Como a Costa do Marfim é um país pequeno, Abidjan pode funcionar como um bom ponto de partida para visitar outros locais. A 50 quilómteros, na costa, encontra-se Grand-Bassam, Património da Humanidade pela sua arquitetura colonial. Se é verdade que alguns dos prédios precisam urgentemente de restauração, o mesmo não se aplica às suas praias tropicais, onde estendemos a toalha à sombra de uma palmeira para uma pausa da vida citadina.

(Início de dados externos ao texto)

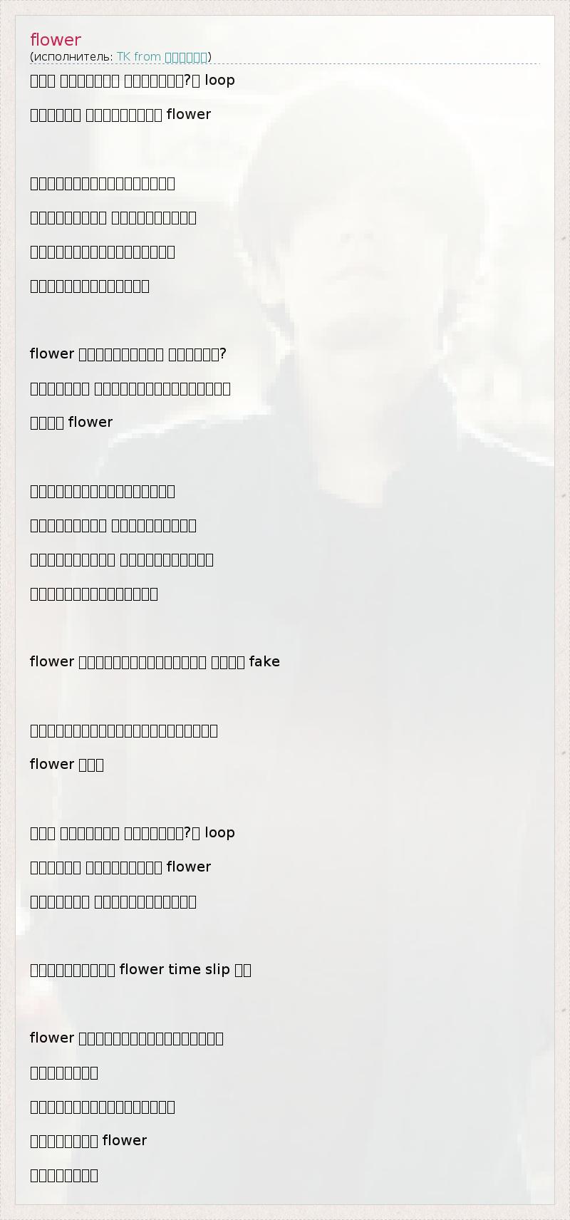 寂しさ 鼓膜が涙する音 僕はそこにいる?が loop ぐるぐる記憶 モノクロを満たして flower 自分を殺す魔法で僕は息を止めている 笑ったこともないし 耳だって塞がれている でも光を探して僕に気付かれない様に 記憶の色も変わって君に会えた flower 落としてきた夢並べて まだ咲くかな? 壊れないように フィルムレスフラッシュバックする ぐるぐる flower 自分を殺す魔法で僕は息を止めている 笑ったこともないし 耳だって塞がれている イツカへの窓を開けて 僕を散りばめてみたいな 色んなものが笑ってキミに会えた flower モノクロのパズルに色をつけたら 鮮やかな fake 僅かな曖昧さが美しく見えるのは君に触れるまで flower 教えて 寂しさ 鼓膜が涙する音 僕はそこにいる?が loop ぐるぐる記憶 モノクロを満たして flower 魔法に溢れてる 僕に潜むプラスチック錯覚 プラスチックめいてる flower time slip 現象 flower カラフルな世界を夢見て生きてるから 終らせたくないよ 誰かが待ってる気がして生きてるだけ プラスチック錯覚 flower 終らせたくないよ

Mais a norte, a 200 quilómetros, em Yamoussoukro, capital administrativa do país, vivemos uma experiência inigualável: visitar a maior igreja do mundo sem qualquer outro turista. No meio da floresta, sobre mangueiras e bananeiras, ergue-se a grandiosa cúpula da Basílica de Nossa Senhora da Paz. Para quem chega a Yamoussoukro, a imagem daquele gigante de mármore numa paisagem tropical é tão deslocada e surpreendente como avistar um elefante nas vielas de Veneza. A maior igreja cristã do mundo, plantada no coração da Costa do Marfim numa pequena cidade com 200 mil habitantes. Tem uma nave com capacidade para 18 mil acólitos e 158 metros de altura, mais sete do que a Basílica de São Pedro, em Roma, da qual copiou o estilo. É tão venerada que, durante a guerra, foi feito um cordão especial de segurança para protegê-la das bombas.
Pode voar para Abidjan com a TAP a partir de Lisboa.